The Data Sovereignty Question
When a caller speaks to a voice AI agent, their voice data travels through multiple systems: the telephony provider, the ASR model, the LLM, the TTS engine, and whatever logging and analytics infrastructure sits behind it all. Where those systems are physically located matters.
If any part of that pipeline routes through US servers, you have created a cross-border data transfer. Under the Privacy Act, that transfer is permissible only if the overseas recipient is subject to equivalent privacy protections, or you have obtained the individual's consent, or you have taken reasonable steps to ensure compliance. In practice, this means most Australian enterprises handling sensitive customer data in health, finance, or government either need their AI infrastructure hosted in Australia or need a robust legal framework around offshore processing.
There is also a latency cost. A voice call routed from Sydney to a US-based LLM inference server adds 150-200ms of round-trip network latency before the model even starts processing. That is a third of your total latency budget gone to geography alone. For a voice application where every millisecond counts, that is unacceptable.
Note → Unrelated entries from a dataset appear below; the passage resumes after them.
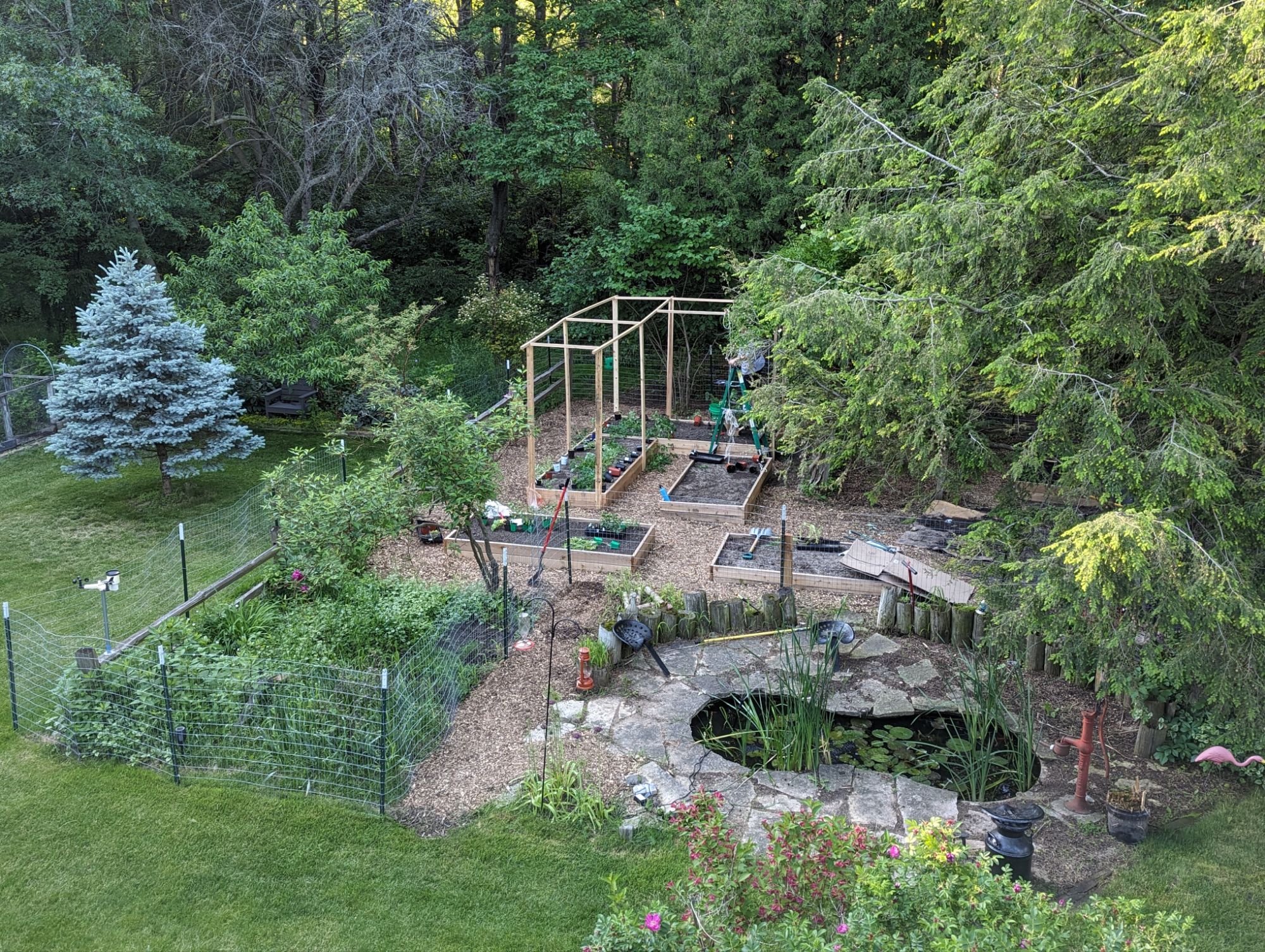 The whole garden is enclosed in a welded wire fence to keep the critters out. It ain’t pretty, but it gets the job done. Eventually, we’ll upgrade to something more professional. All the wood chips are leftovers from the trees we had taken down in December. You might recall my two-day project carting that mountain of mulch across the yard one wheelbarrow-full at a time. I’m glad all that hard work paid off.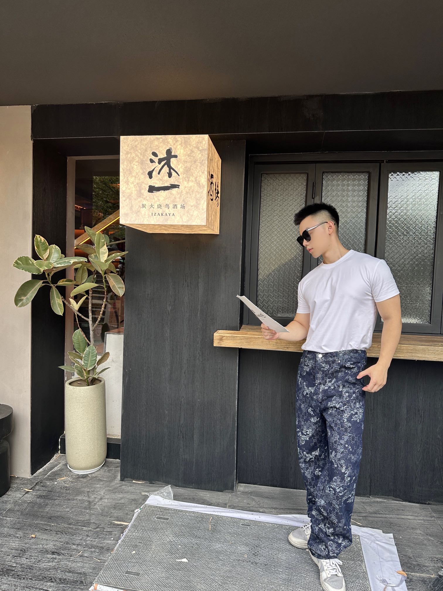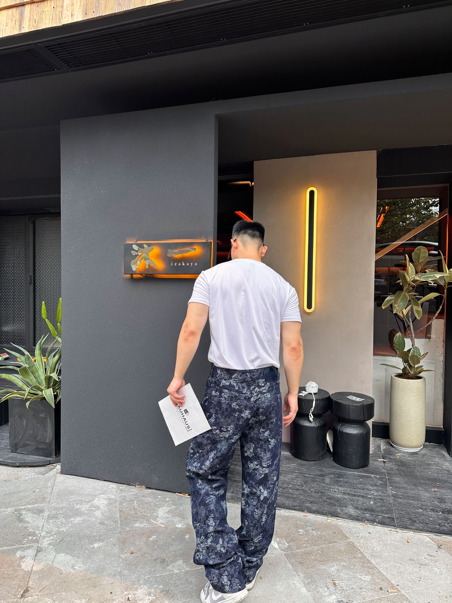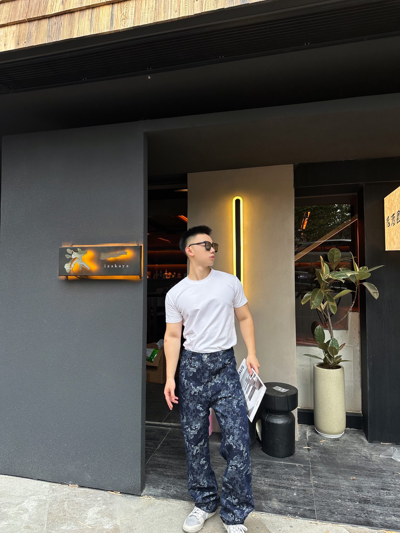 Gucci jacquard jeans with all-over GG marble pattern. Custom denim, deep blue with ivory accents. Features leather label, metal hardware. Relaxed fit, sizes 34-40. Exclusive supply.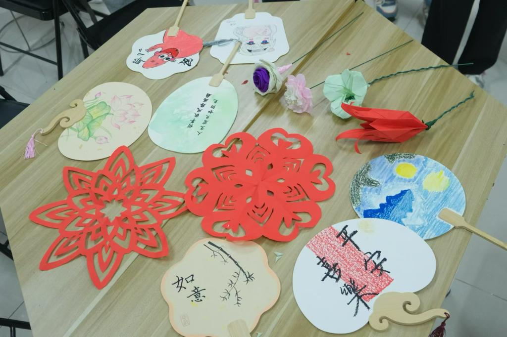 轻执团扇、诗意满怀。一场别开生面的团扇DIY盛宴,同学们尽情发挥创意和想象力,使用彩绘笔亲手制作出属于自己的团扇作品。在炎炎夏日,手执一把团扇,不仅是为了驱散暑气,更是一种文化的传承与生活的艺术。团扇在手中轻轻转动,每一次挥动都是对传统美学的致敬,每一次停歇都是对静谧时光的品味。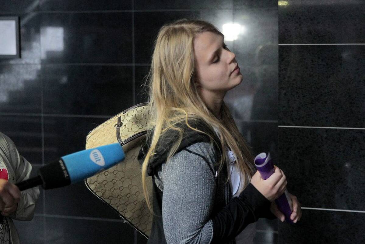 Kaltinamoji savo naujagimio nužudymu buvo su iškalbingu krepšiu, didesniu už moterišką rankinę. Tačiau neatsakė į gausiai susirinkusios žiniasklaidos klausimą, kokio teismo sprendimo tikisi. "Nieko nekomentuok!" – liepė jai mama.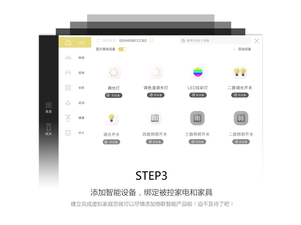 您可以根据实际需要,设置回家、离家、会客、就餐、影院、睡眠、起床等场景模式;轻触手机就能出现您想要的场景,让您过上安全便捷、低碳环保的全新智能生活。
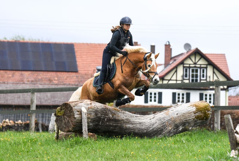 Maleika ist eine typvolle Edelbluthaflingerstute (7,422%) mit sehr gutem Bewegungs- sowie Sprungablauf und herzlichem Charakter. Die Stute überzeugt durch ihre Leistungsbereitschaft, ihren Charme und ihre vielseitige Einsetzbarkeit. Sie ist sowohl für den Sport als auch für den Freizeitbereich interessant und bringt zudem beste Voraussetzungen für die Zucht mit. Im Umgang ist sie brav, menschenbezogen und freut sich über jegliche Aufmerksamkeit. Sie ist ein echter Goldschatz - immer lieb und bemüht, egal ob auf dem Platz, in der Halle oder im Gelände! Maleika ist eingetragen ins Stutbuch I und hat ihre Stutenleistungsprüfung in München-Riem mit der Endnote 8,08 gewonnen. Am Turnier ist sie mehrfach gegen Großpferde Geländepferde E platziert mit Noten bis 8,2 und Geländepferde A gestartet. Außerdem ist sie Springpferde A platziert und Dressurpferde A gelaufen. Sie verdient ein 5-Sterne-Zuhause und wird nur aufgrund von Wegzug der Reiterin verkauft. Weitere Informationen und Videos senden wir gerne auf Anfrage. (Auch per WhatsApp unter 0172-8196797) Probereiten bei ernsthaftem Interesse nach Terminvereinbarung möglich.

Australian-hosted infrastructure eliminates both problems. Data stays onshore, which simplifies compliance. And the network latency between the caller and the AI system drops to single-digit milliseconds, leaving the full budget available for actual processing.
Why Quality Matters
The logical outcome of the uncanny-valley phenomenon is that small differences in the quality of your AI voice system can produce dramatically different results in the real world.
The minimum standard of low latency is only achievable today with the right systematic approach across a broad spectrum of disciplines: signal processing, latency under load, transcription accuracy across Australian accents and on Australian mobile networks, barge-in handling, and VAD tuning. This is before we even start talking about the actual content outputs of the LLM.
For AI voice systems deployed in Australian enterprises, serving Australian callers under Australian regulation, there is a measurable performance and compliance advantage to infrastructure, accent models, and regulatory frameworks that are purpose-built for this market. That advantage shows up in STT accuracy, call-resolution rates, compliance posture, and latency.